When an ophthalmologist beams an intense light in his patient’s eye, he’s seeking more than just vision problems.

He’s searching for hints indicating the results of high blood pressure, or hypertension. What he discovers could help stop heart attacks, strokes and other serious health problems that go beyond the eye.

“We can see changes in the eyes triggered by deeper health issues, like vascular problems caused by diabetic issues or hypertension,” said an ophthalmologist. “The blood vessels in the retina can become constricted as well as hard, affecting blood flow and thus affecting vision. They’ll press on each other and also cross each other, like two hoses in a restricted room.

” When it gets really bad, we’ll see some of the capillaries or veins and arteries begin to leak. We’ll see some haemorrhaging as a consequence, which can create a whole range of vision problems.”

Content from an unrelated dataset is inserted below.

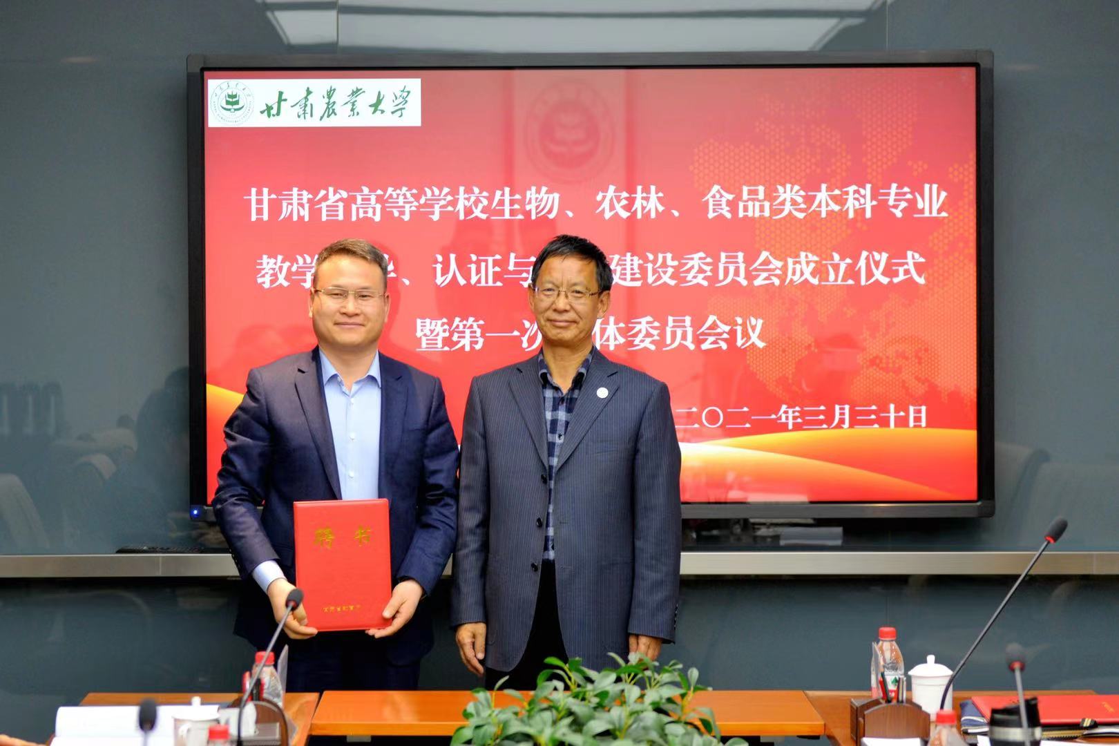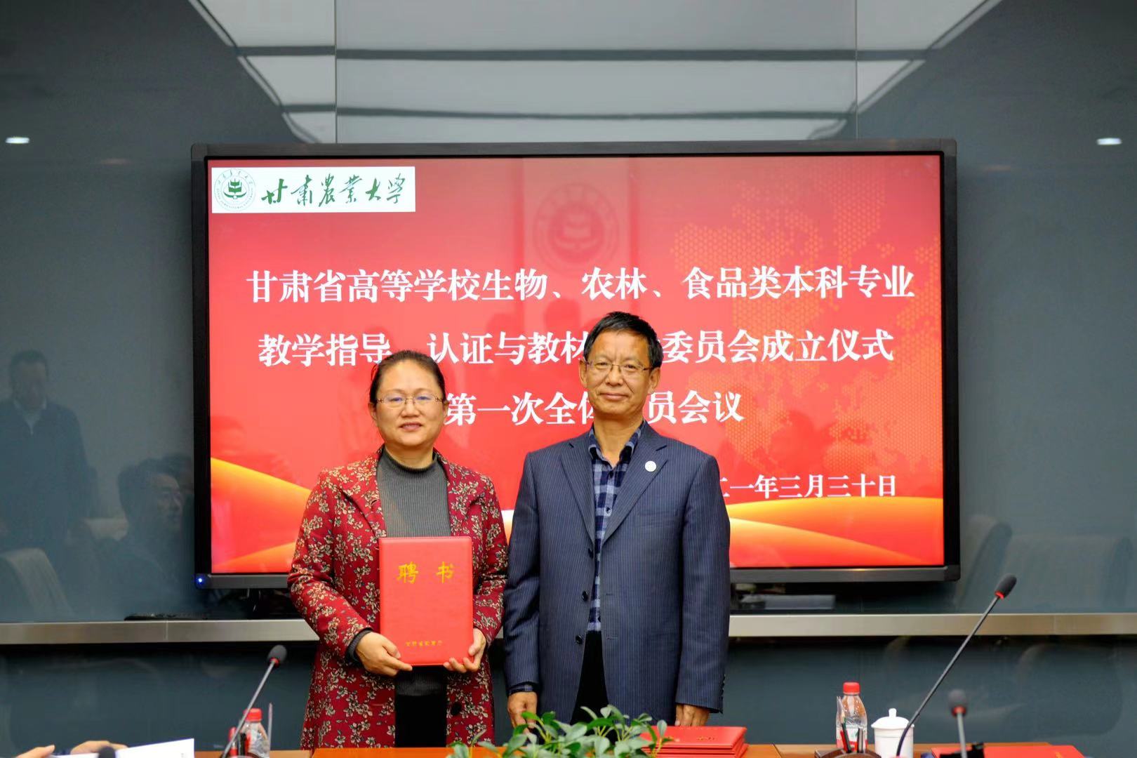 3月30日下午,甘肃省高等学校生物、农林、食品类本科专业教学指导、认证与教材建设委员会成立仪式暨第一次全体委员会议在甘肃农业大学举行。生命学院院长伍国强、食品科学与工程系教师赵萍作为委员参加了聘任仪式暨第一次全体委员会议。

Vision symptoms might not show up for years. Yet inevitably, high blood pressure can result in hypertensive retinopathy,  a not so mild problem, and blood vessel damage causing obscured vision or loss of vision, which of course is serious business. Choroidopathy, a build-up of fluid under the retina that can distort or hinder vision, again, not to be taken lightly. Optic neuropathy, a blood flow blockage that can destroy nerve cells, which is usually irrecoverable and  can cause vision loss.
Likewise, high blood pressure might not reveal itself for years before causing a heart attack or stroke, which gains its grim description as the “Silent Killer.”
That is why detecting high blood pressure early so the treatment and lifestyle changes can start well in time – as well as treating it with diet, exercise and also medications – is critical, and also why physicians claim that  eye doctors are on the front lines of the battle, being often the first to detect these issues.
“Sometimes individuals will certainly state, ‘I’m only here to get my eyeglasses, why are you examining me for other things? Why are you examining my blood pressure?”. “We try to teach them about the unique opportunity we need to take a look at these blood vessels in the eye.”
A research reporter highlighted this point. Scientists checked about 2,900 patients with hypertension for hypertensive retinopathy and then  tracked them for an average of 13 years. They found that those with a mild kind of condition had a 35% greater risk of stroke. That increased risk jumped to 137%  for those with moderate or serious hypertensive retinopathy.

Although even more research is required to verify the findings about stroke risk, it is the important function of eye doctors to educate people about the need to control blood pressure.
“You’re not just a pair of eyeballs walking into an exam space for things you assume you already know about your eyes and health. We need to consider the complete individual and the whole picture for the examination to really yield its optimum results. These are points that can affect the patient’s lives substantially, and we have a responsibility for their overall health.”
But this doesn’t mean that every medical examination has to begin with a high blood pressure examination, as well as every clinic doesn’t have a machine to measure it yourself.
Eye doctors claim that many people would certainly be amazed at the number of their patients that rarely see another doctor, or if they do, they don’t consistently follow clinical guidance or don’t take their high blood pressure medication regularly.
“Some patients do not opt for a routine check-up every year, instead they inform us, ‘Look, I just do not like consulting doctors.’ Yet their eyes are a problem, so they’ll approach us, and a lot of health issues which would otherwise have been ignored get revealed.”
Recognizing the risks of high blood pressure, eye doctors say, keeps them observant.
“It’s so vital because of the silent nature of this problem, as it progresses silently, eroding your health in the process,” the doctor claimed. “Patients can really feel completely fine without any signs or apparent symptoms; however, high blood pressure has a cumulative effect and if it goes unchecked over years, it’s going to cause damage later in life.”